# Linksys print server with HP2100M



## samcox (Dec 7, 2005)

The print queue is constantly stopped.  The job is listed and it seems to start printing, but does not, instead it switches to Jobs Stopped.  If I click on Start Jobs it tries for a while then switches back to Jobs Stopped.  

I do not know what to do.

The model is LK959DF1 server, HP 2100M printer, and Mac G4 laptop with OS 10.4.


----------



## gsahli (Dec 7, 2005)

ADD the printer using IP printer > LPD. Enter IP address and queue name - most Linksys servers use queue name L1 (el-one). You should be able to find the queue name in the Print Server Manual, to confirm this.


----------



## samcox (Dec 8, 2005)

I added it as you suggested.  When I tried to print it gave an error message ``Attempting to connect to host 10.10.10.100 for printer L1.''

Then it says that the printer was not available, that it would try again in 30 seconds, then it went to Stop Jobs.  So it still does not work.

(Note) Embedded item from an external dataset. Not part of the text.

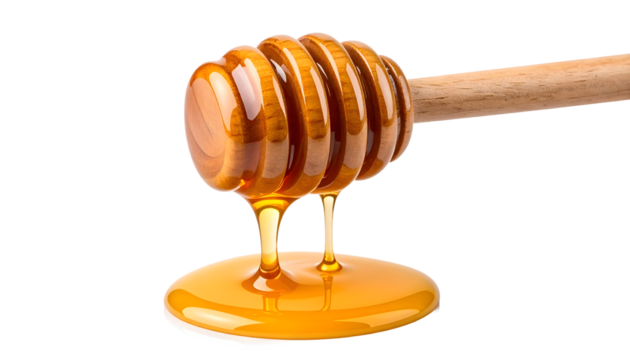 Photo of honey dripping from a wooden dripper isolated on transparent background.png

I used IP Address: 10.10.10.100
And name L1


----------



## gsahli (Dec 8, 2005)

What is the IP address of your computer? Is the printer in the same local network as the computer? Maybe you need to tell us a little more about your network.
I didn't find that print server model at the Linksys site. Is there another model number on it?


----------



## samcox (Dec 8, 2005)

The print server is model WPS54GU2.  I hit the reset button on the server and it printed out some data.  I do not have a way to copy it so I am typing it from the printed sheet.

Hardware ID: 04C04D955C
Firmware Version: 6023
Protocal ID: 807E
Default Name: LK959DF1
Server Name: LK959DF1
MAC Address: 00C41959DF1

AppleTalk Info:
 Printer Type:
 LK959DF1: Laserwriter
 LK959DF1_P2:Laserwriter

TCP/IP Info:
 IP Address: 10.10.10.100
 Gateway address: 10.10.10.1
 Subnet mask: 255.255.255.0
 Email server IP AddressL 0.0.0.0
 Printeing Account Name: N/A
 Redirect Account Name: N/A

SMB Info:
 Domain Name: domain

Wireless Info:
 SSID:linksys
 BSSID:00:12:17:CB:0B:86
 Channel No: 6
 Network Type: Infrastructure
 Primary Firmware:1.0.3.0
 Secondary Firmware:1.0.3.0
 Link Info. Tx:0 Rx:0

Back to my laptop, from clicking the Apple, then more information, then clicking Network, I copied the data below.  I am not sure which is the IP of my Laptop.  The network has the laptop, the Linksys wireless router and the printer hooked but to the Linksys wireless print server.

AirPort:

  Type:	AirPort
  Hardware:	AirPort
  BSD Device Name:	en1
  IPv4 Addresses:	10.10.10.105
  IPv4:
  Addresses:	10.10.10.105
  Configuration Method:	DHCP
  Interface Name:	en1
  Router:	10.10.10.1
  Subnet Masks:	255.255.255.0
  IPv6:
  Configuration Method:	Automatic
  AppleTalk:
  Configuration Method:	Node
  Default Zone:	*
  Interface Name:	en1
  Network ID:	65522
  Node ID:	235
  DNS:
  Domain Name:	launchmodem.com
  Server Addresses:	192.168.1.254, 192.168.1.254
  DHCP Server Responses:
  Domain Name:	launchmodem.com
  Domain Name Servers:	192.168.1.254,192.168.1.254
  Lease Duration (seconds):	0
  DHCP Message Type:	0x05
  Routers:	10.10.10.1
  Server Identifier:	10.10.10.1
  Subnet Mask:	255.255.255.0
  Proxies:
  FTP Proxy Enabled:	No
  FTP Passive Mode:	Yes
  Gopher Proxy Enabled:	No
  HTTP Proxy Enabled:	No
  HTTPS Proxy Enabled:	No
  RTSP Proxy Enabled:	No
  SOCKS Proxy Enabled:	No
  Ethernet:
  MAC Address:	00:30:65:0b:9a:07
  Media Options:	
  Media Subtype:	autoselect


----------



## gsahli (Dec 8, 2005)

Your network doesn't seem to be completely set up ? It looks like you recently changed routers or something like that, because your DNS server is in a different subnet. I can't help you with all that, because I'm not there. Try following all the directions again. Router and computer first.


----------